Print exactly, and only, the lines from the one that has "کاردانو سوم دسامبر" through the end of the material below, with both ends included and the pictures omitted.
─── Available data ───
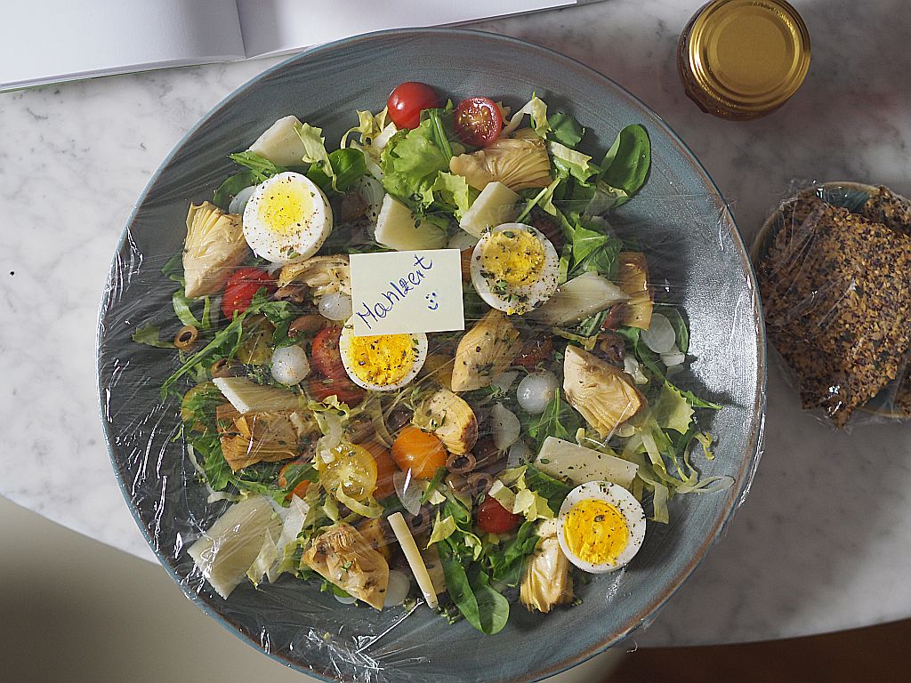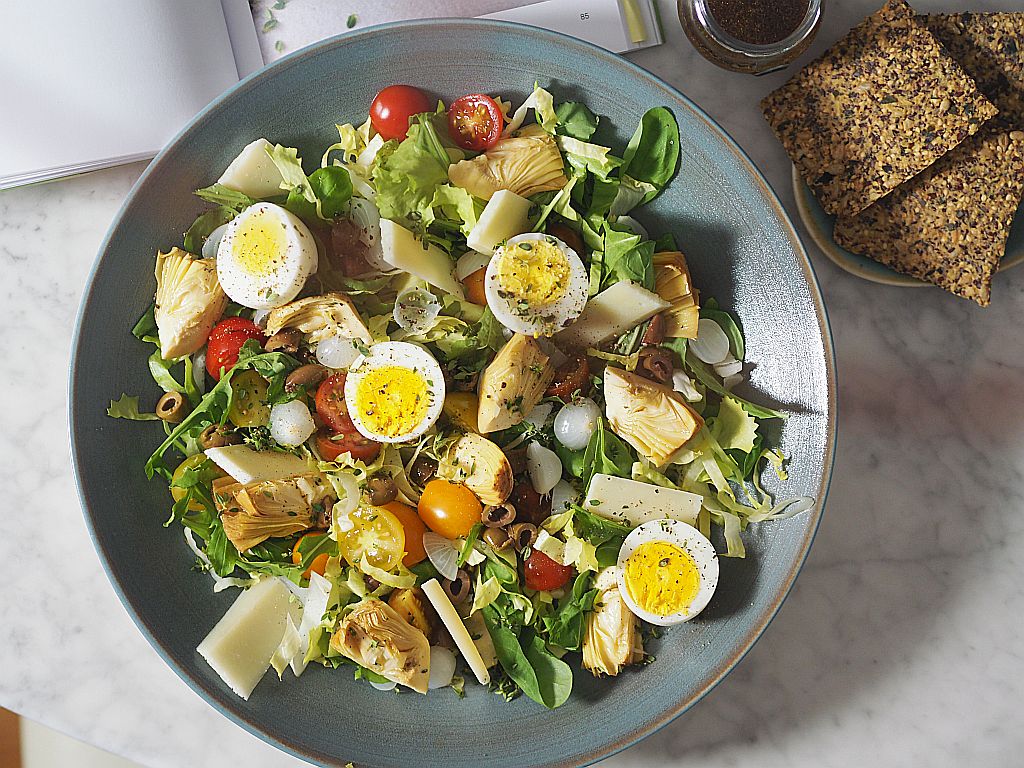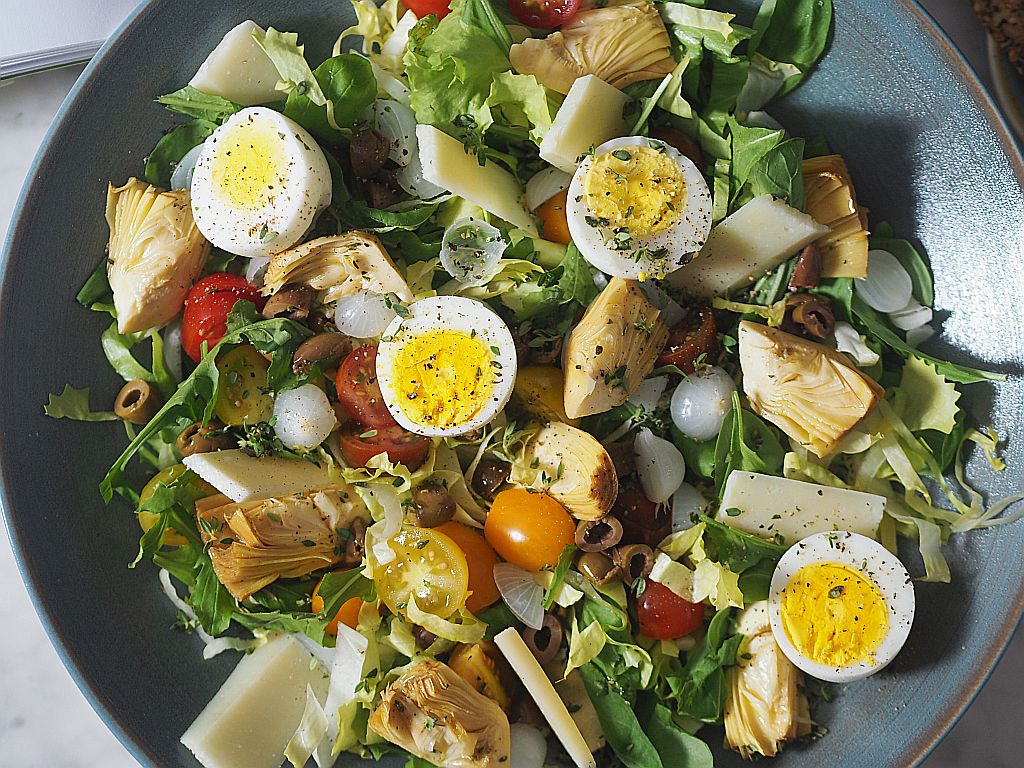Artischocken-Salsa: Artischocken, grüne und schwarze Oliven, gehäutete und entkernte Tomaten, rote Zwiebel würfeln. Mit Salz, Limettensaft und Olivenöl vermischen. Gehackte Petersilie und angeröstete Pinienkerne dazugeben.
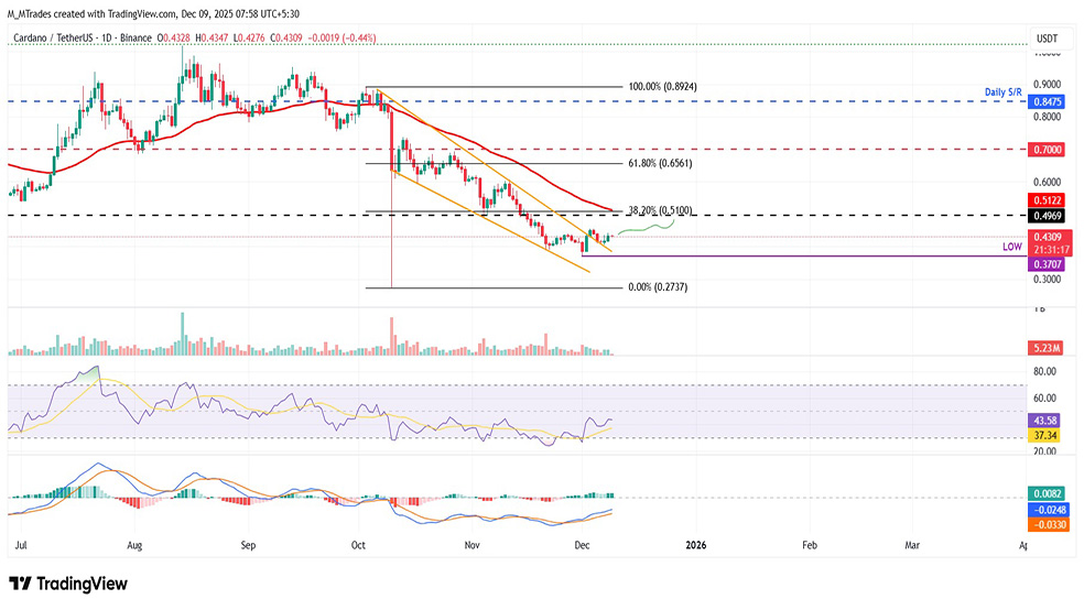 کاردانو سوم دسامبر موفق شد از الگوی «کنج نزولی» عبور کند، اما پس از افزایش اولیه با اصلاح مواجه شد و دوباره روی خط روند بالایی حمایت شد. رشد ۳.۷۱ درصدی روز دوشنبه نیز این بازیابی را تأیید کرد.
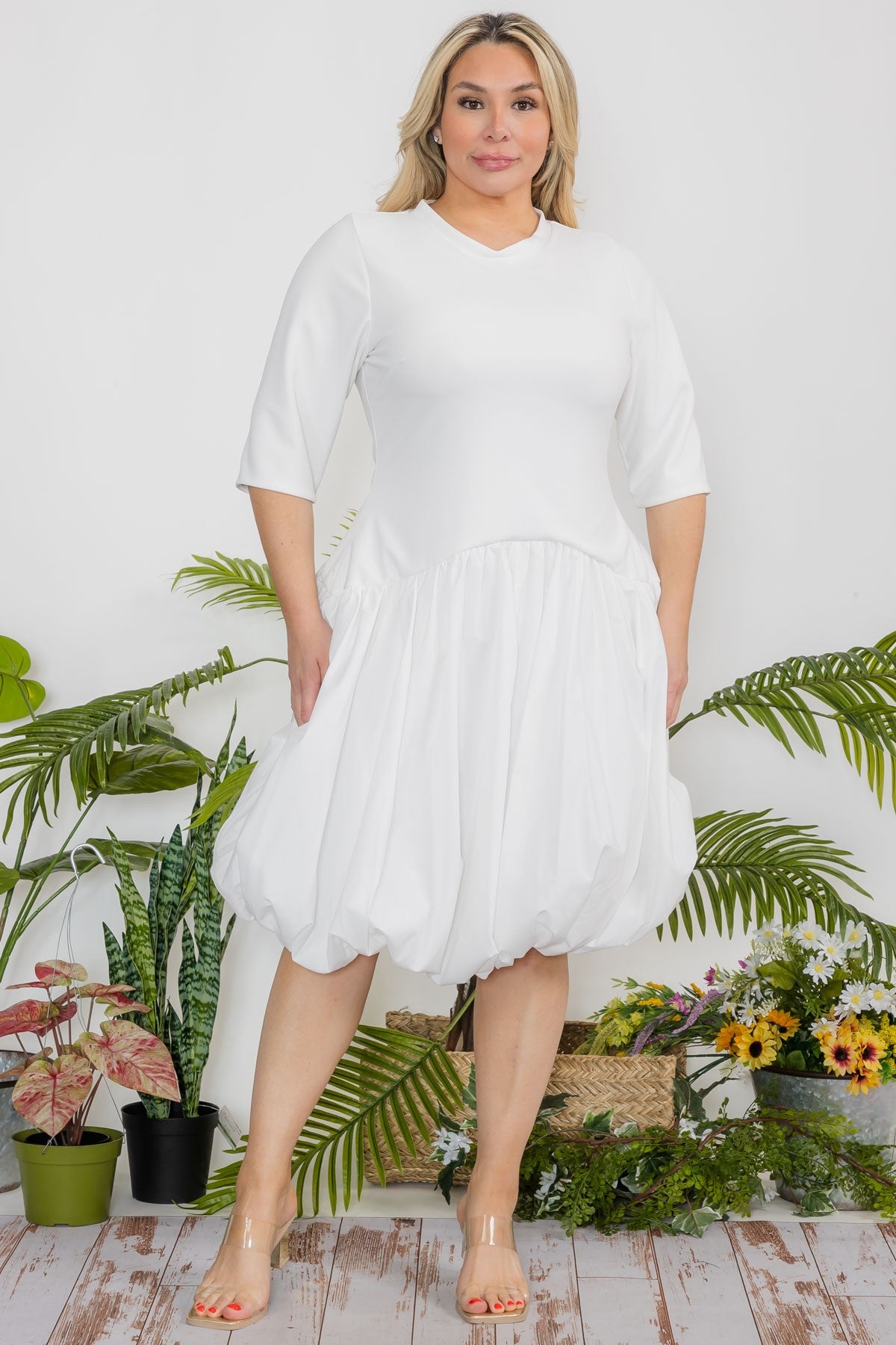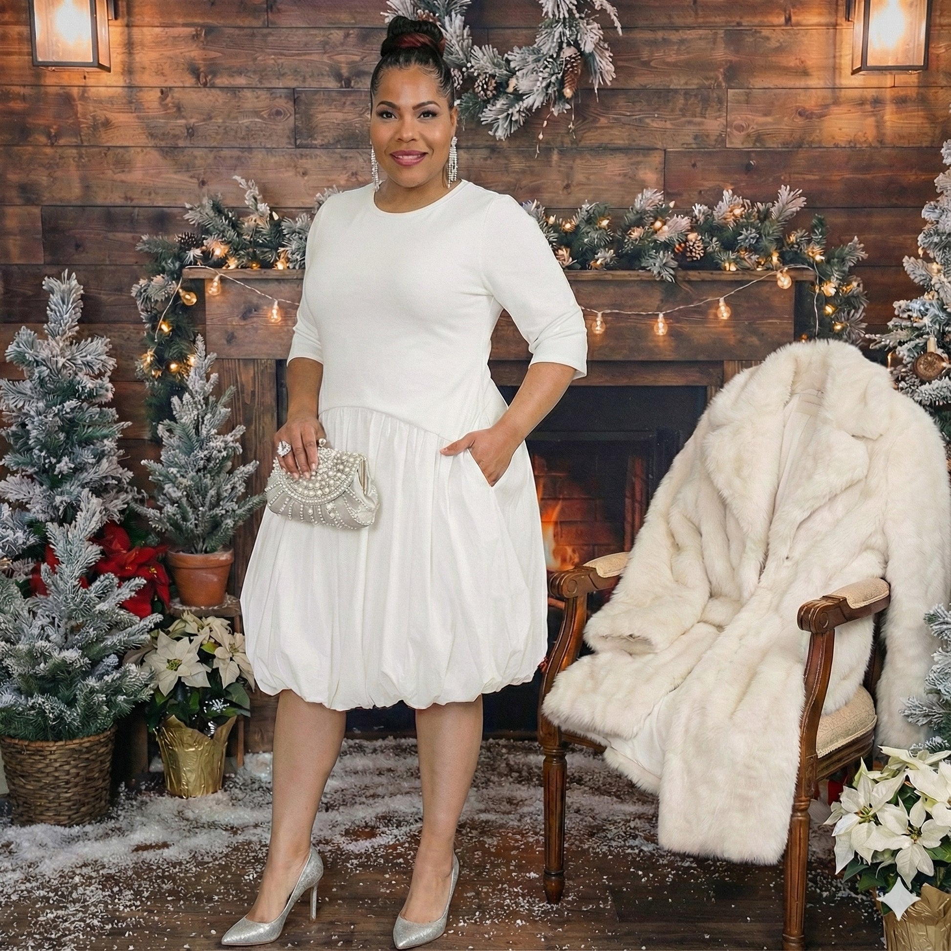 This stunning balloon dress combines soft structure with standout detail. Designed with a rounded neckline, 3/4 sleeves, and a voluminous bubble-style hem, it’s the perfect mix of modern sophistication and feminine flair.
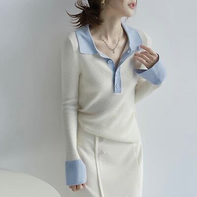配色 ニット フレアスリーブ レディース トップス 長袖 セーター 襟付き 折襟 カットソー tシャツ ボタン付き フィット オフィスカジュアル 長袖ニット ニットトップス きれいめ 上品 大人 ニッ | coolcoool
───
▶ **Exercise solution**:
 کاردانو سوم دسامبر موفق شد از الگوی «کنج نزولی» عبور کند، اما پس از افزایش اولیه با اصلاح مواجه شد و دوباره روی خط روند بالایی حمایت شد. رشد ۳.۷۱ درصدی روز دوشنبه نیز این بازیابی را تأیید کرد.
 This stunning balloon dress combines soft structure with standout detail. Designed with a rounded neckline, 3/4 sleeves, and a voluminous bubble-style hem, it’s the perfect mix of modern sophistication and feminine flair.
配色 ニット フレアスリーブ レディース トップス 長袖 セーター 襟付き 折襟 カットソー tシャツ ボタン付き フィット オフィスカジュアル 長袖ニット ニットトップス きれいめ 上品 大人 ニッ | coolcoool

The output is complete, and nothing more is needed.